Ridge penalty parameter for stat = "regression" (default: 0, giving ordinary weighted least squares). Higher values shrink covariate coefficients toward zero, with the intercept approaching the weighted mean as lambda -> Inf. Ignored when "regression" is not in stat.

se

Standard-error framing to apply to SE-supporting stats ("weighted_mean" and "regression"). One of:

"none" (default): no SE columns are returned.
"ess": effective-sample-size framing. For weighted_mean, SE = sqrt(var_w(y) / n_eff), where n_eff = (Σw)² / Σw² is Kish's effective sample size and var_w(y) = Σwy²/Σw - ȳ_w². For regression, Var(β̂) = σ²_ess · (X'WX + λI)⁻¹, with residual variance corrected using n_eff - p degrees of freedom.
"design": design-based framing (no assumption that weights are precisions). For weighted_mean, SE = sqrt(Σ w²(y - ȳ_w)²) / Σw.

coord_type

Coordinate system type:

"auto" (default): Automatically detect from coordinate ranges.
"lonlat": Unprojected lon/lat coordinates (uses great-circle distance; assumes max_geog is in km).
"projected": Projected XY coordinates (uses planar distance; assumes max_geog is in projection units).

n_threads

Optional integer number of threads to use for the computation. If NULL (default), the global RcppParallel setting is used (see RcppParallel::setThreadOptions).

default_res

Default resolution to use as starting point for search. Default is 16.

verbose

Logical; if TRUE, print the selected resolution. Default is FALSE.

Value

An integer giving the recommended index resolution (bins per dimension).

Details

The function uses an adaptive bracketing algorithm:

Starts with three resolutions: default/2, default, default*2
Evaluates elapsed time for each
If minimum is at an edge, expands search in that direction
Returns resolution with lowest elapsed time

This typically requires only 3-5 query evaluations total, making it much faster than exhaustive grid search.
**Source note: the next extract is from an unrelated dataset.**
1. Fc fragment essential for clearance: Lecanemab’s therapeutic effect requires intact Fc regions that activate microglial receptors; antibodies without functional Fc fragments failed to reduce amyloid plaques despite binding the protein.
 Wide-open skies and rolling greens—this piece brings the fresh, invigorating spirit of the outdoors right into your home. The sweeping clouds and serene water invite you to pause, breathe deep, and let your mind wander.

The function only performs tuning for non-trivial problem sizes (>2000 focal points). For smaller datasets, it returns the default resolution.
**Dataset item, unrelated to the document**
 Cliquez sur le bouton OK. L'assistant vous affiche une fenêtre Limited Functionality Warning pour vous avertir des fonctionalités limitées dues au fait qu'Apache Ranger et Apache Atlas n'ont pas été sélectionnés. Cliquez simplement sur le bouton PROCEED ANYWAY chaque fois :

A subsample of focal points is used for benchmarking to keep tuning fast while still being representative of actual query performance.

Examples

if (FALSE) { # \dontrun{
# Find optimal resolution for velocity queries
optimal_res <- tune_index_res(
  x = sample_sites,
  pool = climate_data,
  select = "knn_geog",
  stat = NULL,
  max_clim = 0.5,
  k = 1
)

# Use the optimized resolution
index <- build_analog_index(climate_data, index_res = optimal_res)
} # }